--- GIVEN INFORMATION Enclosed Below ---

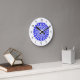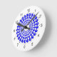 Les perles bleues de taille croissante forment cinq cercles concentriques, de petit au centre à grand dans la jante extérieure. Illusion optique de regarder le long tunnel. Numéros noirs avec marqueurs de minute noirs.
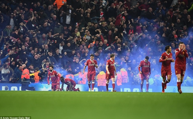 Trước đó khán đài của sân Etihad cũng bị nhuộm khói bởi các CĐV đội khách sau tình huống Mohamed Salah ghi bàn gỡ hòa. Chắc chắn cả hai đội bóng sẽ bị ban tổ chức "nhắc nhở" vì hành động quá khích của người hâm mộ.
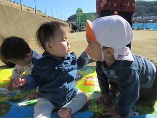 0歳児さんたちは、あっちへ行ったり、こっちへ行ったりと見るもの全てに興味をもっては触ってます

--- End of Enclosed GIVEN INFORMATION ---

What is needed here is each line above set down word for word, minus the images.

> [EXERCISE SOLUTION]
 Les perles bleues de taille croissante forment cinq cercles concentriques, de petit au centre à grand dans la jante extérieure. Illusion optique de regarder le long tunnel. Numéros noirs avec marqueurs de minute noirs.
 Trước đó khán đài của sân Etihad cũng bị nhuộm khói bởi các CĐV đội khách sau tình huống Mohamed Salah ghi bàn gỡ hòa. Chắc chắn cả hai đội bóng sẽ bị ban tổ chức "nhắc nhở" vì hành động quá khích của người hâm mộ.
 0歳児さんたちは、あっちへ行ったり、こっちへ行ったりと見るもの全てに興味をもっては触ってます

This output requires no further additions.